Image Credit: R. Melman


Unlettered, the post-punk studio project led by Mike Knowlton (Gapeseed, Poem Rocket), has always worked in tension: guitars detuned until they shimmer and scrape, basslines that pulse like a distant warning system, rhythms that blur the line between mechanical and human. On Devil's Bowl, that pressure extends beyond the self. It doesn't build, it spreads.


This record turns its attention outward, toward a culture saturated in spectacle, toward systems that feel simultaneously fragile and immovable. Identity flickers between authenticity and performance. Assurance masquerades as knowledge. The public square swells with volume, but meaning slips through the cracks. The songs move like transmissions from a landscape where consensus has eroded and the ground itself feels provisional.

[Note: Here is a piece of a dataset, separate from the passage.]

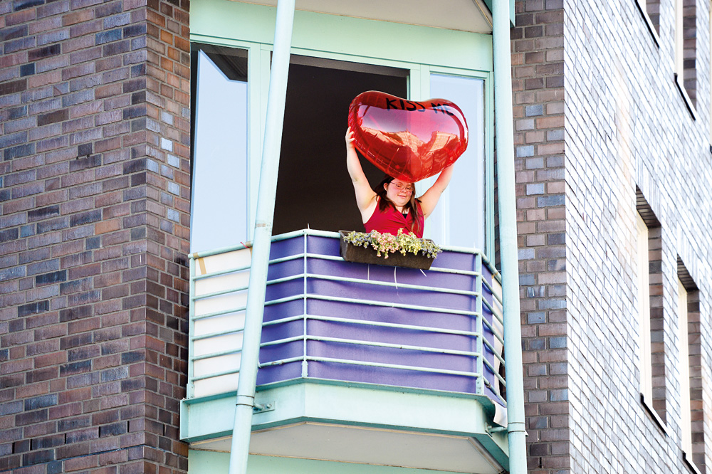 Paula Stolze performt auf ihrem Balkon „Lärm und Schwärm”, Foto: Thomas Panzau

Musically, Devil's Bowl tightens the screws. Guitars grind and recoil. Bass carries the melodic weight like a slow-moving storm front. Vocals, written and performed by Knowlton alongside co-lyricist Kelly Grimm, shift between incantation and observation, rarely offering comfort, never offering easy resolution. On two tracks, Peter Gordon, Knowlton's longtime bandmate in Gapeseed and Poem Rocket, plays drums, reconnecting the present tense of Unlettered with the physical momentum of its past.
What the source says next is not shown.